Comparing Models for Time-Sensitive Structured Extraction

A key aspect of my voice-todos app was to make it snappy: visual feedback is useful only if it’s near instant.
So how do you get close to this <500ms that provides this human-level interaction feeling?
You need to optimize latency at all levels.

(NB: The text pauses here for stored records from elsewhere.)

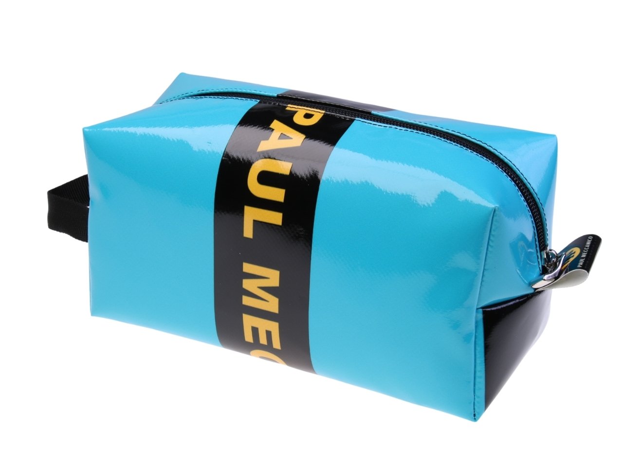 The Paul Meccanico VAN Case is a stylish and practical beauty case featuring an original patterned design. Crafted from durable, water-repellent truck tarpaulin, it's a spacious and easy-to-clean travel companion. Its waterproof material makes it ideal for transporting bottles, even if minor leaks occur.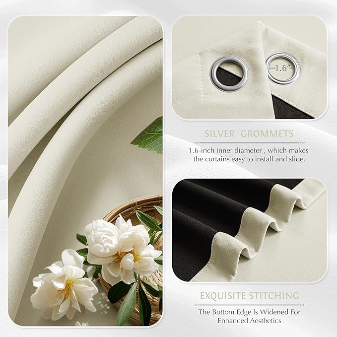 Beauoop Cream 100% Blackout Curtains 54 Inch Long 2 Panels for Bedroom Living Room Solid Room Darkening Thermal Insulated Soundproof Energy Saving Grommet Top Window Treatment Drapes,52x54 2 Set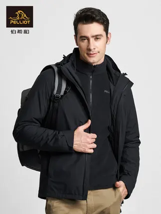 PELLIOT Outdoor Jackets Men's Tide Brand Jacket Three-in-one Thickening Fleece Two-piece Mountainee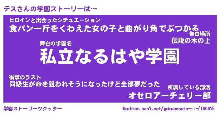 | 告白場所 先生の家の上 …「ふぃぎゅこ」 | 2月17日 06:24 |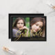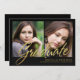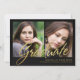 Elegant but and simple 2-photo grad announcement with trendy faux gold foil handwritten script lettering and subtle shadow filter. Optional graduation party invite text on back.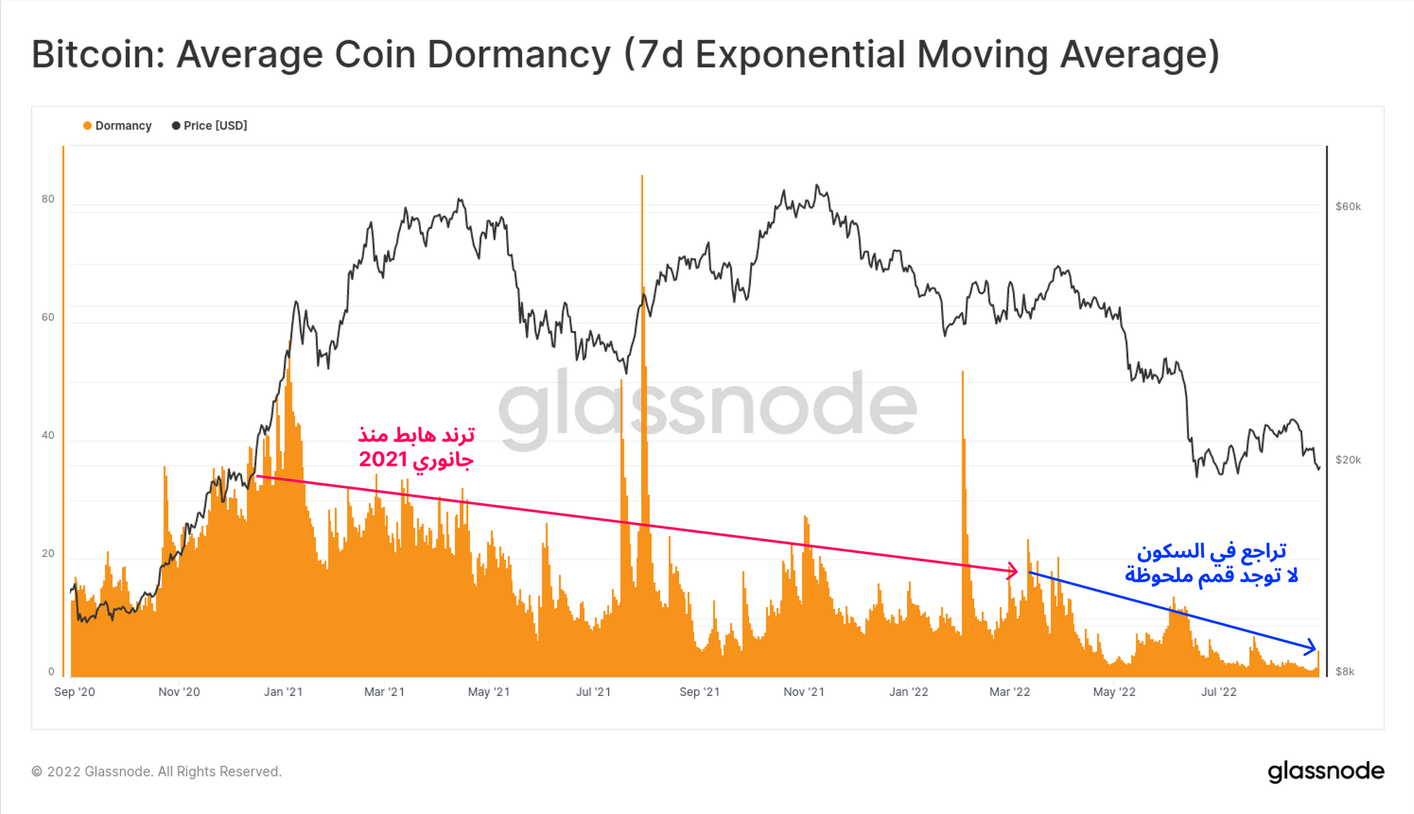 إذا كانت الأسعار ترتفع، فستكون هذه إشارة إيجابية، حيث تظهر أن العملات القديمة تظل نائمة. ومع ذلك، كما هو الحال، يشير هذا المؤشر  إلى أن ما يحدث هو العكس ، حيث لا تزال الأسعار تكافح من أجل الحفاظ على الخط حتى مع بقاء العملات القديمة في محافظ المستثمرين.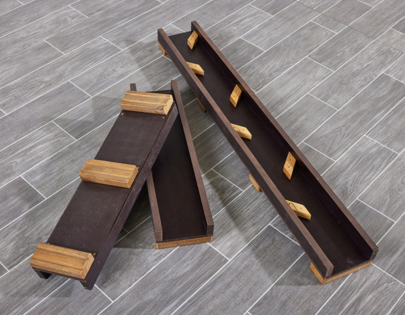 OverzichtSet van 3 houten banen waar je dingen af kan laten rollen of glijden.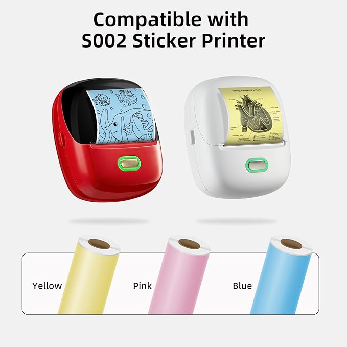 - Three Colors: Includes three rolls of self-adhesive thermal paper in Yellow, Pink, and Blue, each measuring 2.24 inches (57 mm) in width and 9.84 feet (3 meters) in length; Perfect for a variety of printing needs, from study notes to DIY projects
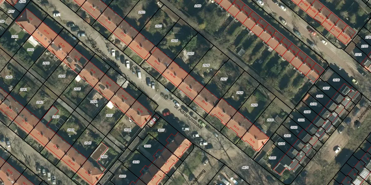 St Adrianusstraat 53 is gelegen op kadastraal perceel STM00E2926. Deze kadastrale aanduiding is uniek en wordt gebruikt door het Kadaster om eigendomsrechten en andere zakelijke rechten vast te leggen. Het perceel maakt onderdeel uit van de kadastrale gemeente Stratum.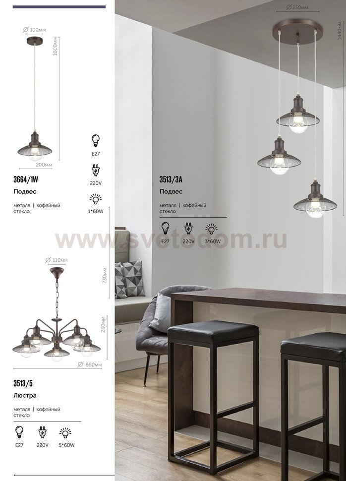3513/3A LOFTI LN18 211 кофейный Светильник подвесной E27 3*60W 220V LUDACRIS Штрих-код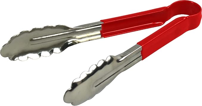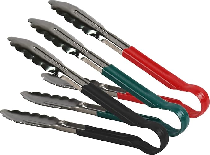 3pc Professional 9″ (23cm) Stainless Steel Food Tongs Set (Red Green Black)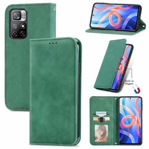 Para Xiaomi Redmi Note 11 Siente Retro Siente Magnético Horizontal Flip Funda (Verde)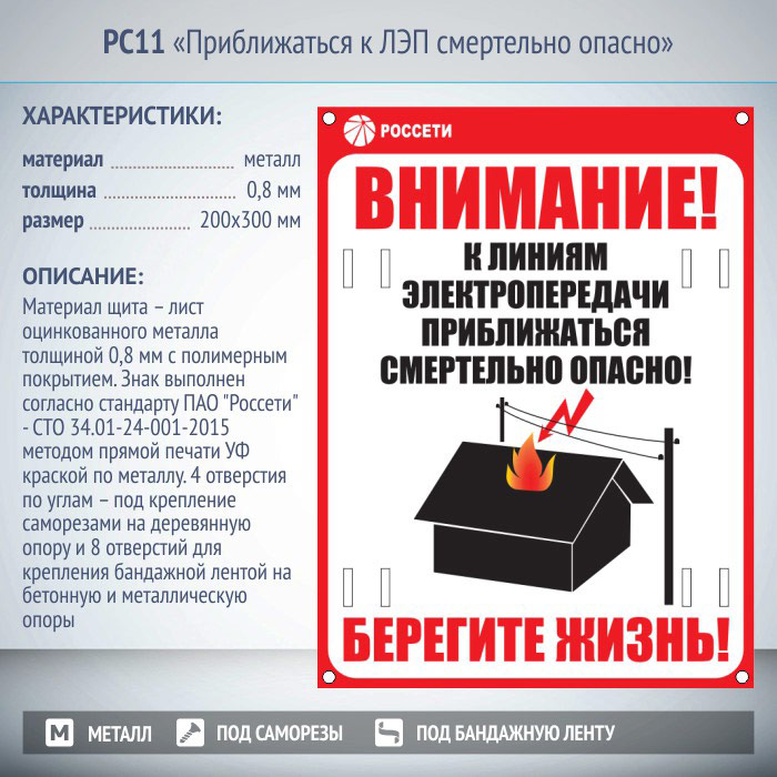 Знак «Приближаться к ЛЭП смертельно опасно», РС11 (металл, 200х300 мм, отверстия под бандажную ленту) в Красноярске купить

Optimizing LLM extraction time

I built my own, very simple, eval suite, made of 26 cases, to test if LLMs were able to capture some behaviours expected from my voice-todos-app:

Multi-todo extraction.
Over- and under-splitting.
Merge instructions following.
Correction of previous todos.
Cancellation.

Here are the experiments I ran:

Thinking level: for Gemini Flash I tried to change the thinking level for both 3.0 and 3.1. Low thinking was faster in one case, slower in the other.
Smaller models: I tried Mistral Small 4. The hypothesis was that smaller models would be faster proved correct. I also tried even smaller Qwen 3.5 models which branched into further experiments
DeepInfra output tool vs DeepInfra json_schema: output tool fails for smaller model sizes. json_schema has less requirements with regards to the model and achieves better results.
DeepInfra json_schema vs Outlines structured extraction: it’s unclear how DeepInfra implements json_schema. Outlines implements constrained decoding.

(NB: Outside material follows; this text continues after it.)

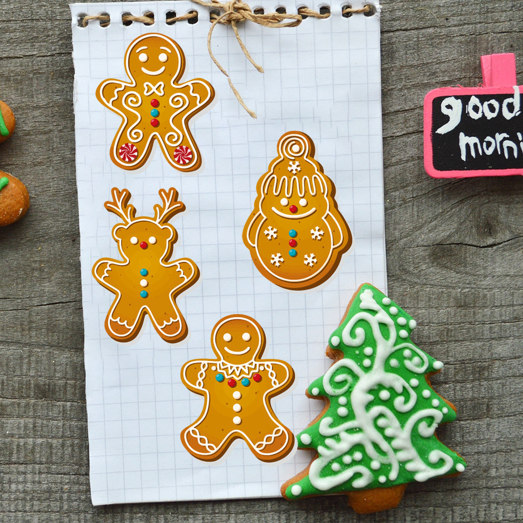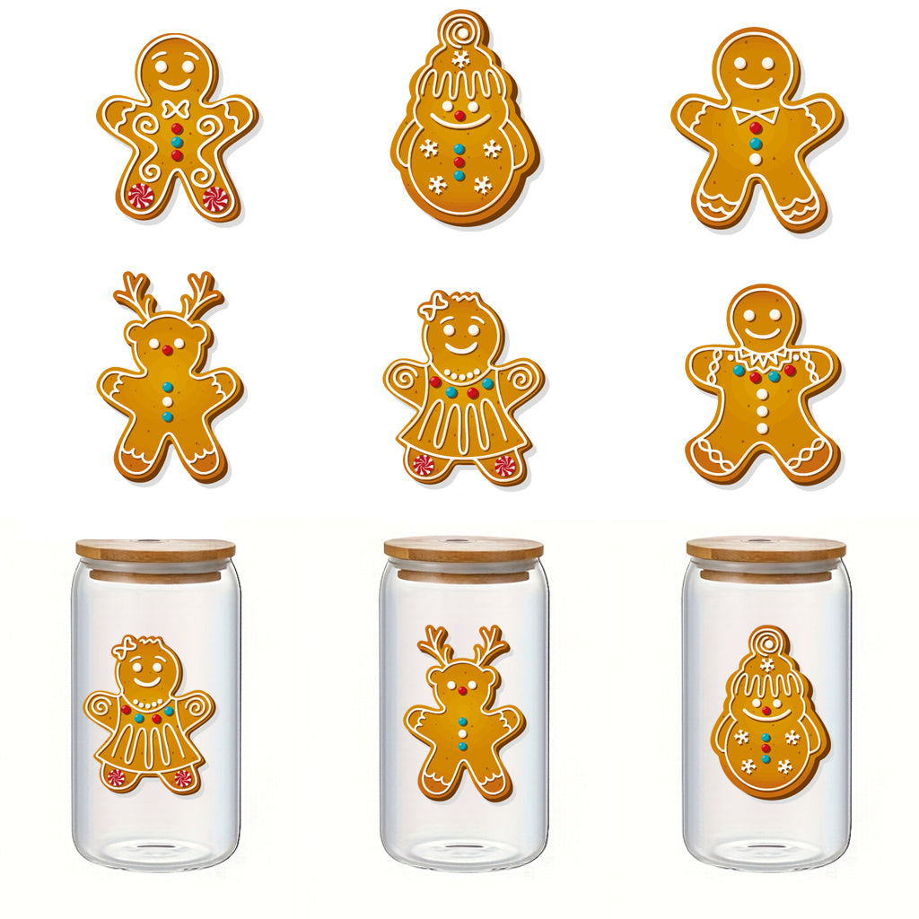 3套 圣诞节可爱姜饼人转移水晶标贴纸 适用于男孩女孩文具 水杯 笔记本装饰 咖啡杯装饰 自粘防水创意DIY UV DTF贴纸 增添节日欢乐氛围与生活趣味性

The winner was Mistral Small 4: with a perfect score and 0.674s average latency.
Latency is measured over the full case span, including failed runs.

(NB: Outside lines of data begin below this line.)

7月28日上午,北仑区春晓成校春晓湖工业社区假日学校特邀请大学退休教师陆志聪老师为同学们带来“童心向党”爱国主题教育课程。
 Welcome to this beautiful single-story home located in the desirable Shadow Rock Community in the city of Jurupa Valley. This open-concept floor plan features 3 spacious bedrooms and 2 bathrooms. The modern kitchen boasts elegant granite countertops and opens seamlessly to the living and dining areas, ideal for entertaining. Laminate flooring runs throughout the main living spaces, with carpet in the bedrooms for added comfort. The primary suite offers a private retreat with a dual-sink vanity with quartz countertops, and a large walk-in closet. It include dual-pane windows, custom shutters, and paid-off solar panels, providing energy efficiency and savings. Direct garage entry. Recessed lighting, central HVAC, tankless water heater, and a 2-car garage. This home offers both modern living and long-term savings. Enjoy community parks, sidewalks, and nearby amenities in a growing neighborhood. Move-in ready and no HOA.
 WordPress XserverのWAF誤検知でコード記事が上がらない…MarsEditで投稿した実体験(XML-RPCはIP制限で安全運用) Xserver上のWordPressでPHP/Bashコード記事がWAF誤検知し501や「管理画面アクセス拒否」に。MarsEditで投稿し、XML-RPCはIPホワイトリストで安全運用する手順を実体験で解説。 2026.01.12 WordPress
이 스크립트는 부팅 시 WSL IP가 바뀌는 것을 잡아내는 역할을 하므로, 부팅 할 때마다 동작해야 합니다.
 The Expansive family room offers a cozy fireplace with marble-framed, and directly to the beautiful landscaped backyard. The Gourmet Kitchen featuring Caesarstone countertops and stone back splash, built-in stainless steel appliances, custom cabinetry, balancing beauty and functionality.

Setup	Count score	Avg latency	P95 latency
Gemini 3 Flash / default	26/26	3.055s	4.251s
Gemini 3 Flash / minimal thinking	26/26	1.430s	3.420s
Gemini 3.1 Flash-Lite / default	25/26	1.097s	1.841s
Gemini 3.1 Flash-Lite / minimal thinking	25/26	1.314s	2.511s
Mistral Small 4 / default	26/26	0.674s	1.053s
Qwen 3.5 0.8B / DeepInfra output tool	0/26	1.721s	2.141s
Qwen 3.5 2B / DeepInfra output tool	0/26	1.184s	2.500s
Qwen 3.5 4B / DeepInfra output tool	18/26	1.893s	2.667s
Qwen 3.5 9B / DeepInfra output tool	23/26	5.288s	9.805s
Qwen 3.5 0.8B / DeepInfra provider json_schema	13/26	0.552s	1.105s
Qwen 3.5 2B / DeepInfra provider json_schema	21/26	0.684s	1.217s
Qwen 3.5 4B / DeepInfra provider json_schema	19/26	0.934s	1.856s
Qwen 3.5 9B / DeepInfra provider json_schema	23/26	2.713s	5.857s
Qwen 3.5 0.8B / Modal Outlines	14/26	1.513s	5.983s
Qwen 3.5 2B / Modal Outlines	13/26	0.981s	1.341s
Qwen 3.5 4B / Modal Outlines	25/26	2.654s	5.801s
Qwen 3.5 9B / Modal Outlines	22/26	3.285s	6.728s

How Structure Gets Enforced

Structured extraction strategies and layers

There are 2 possible strategies to enforce the structure of an LLM response:

`parse-after-generation`

The provider shows the model a schema or a tool definition.
The model generates a text answer.
The provider parses the response to extract a schema-compliant json object.
The app validates the schema, retries or repairs the result if not ok.

`constrained decoding`

The model is added a constrained decoding library such as Outlines.
The provider shows the model a schema
The library turns the schema into rules that run during token generation
The model generates token as it normally would but the library masks invalid tokens so that only tokens that are schema-compliant may be chosen as an output.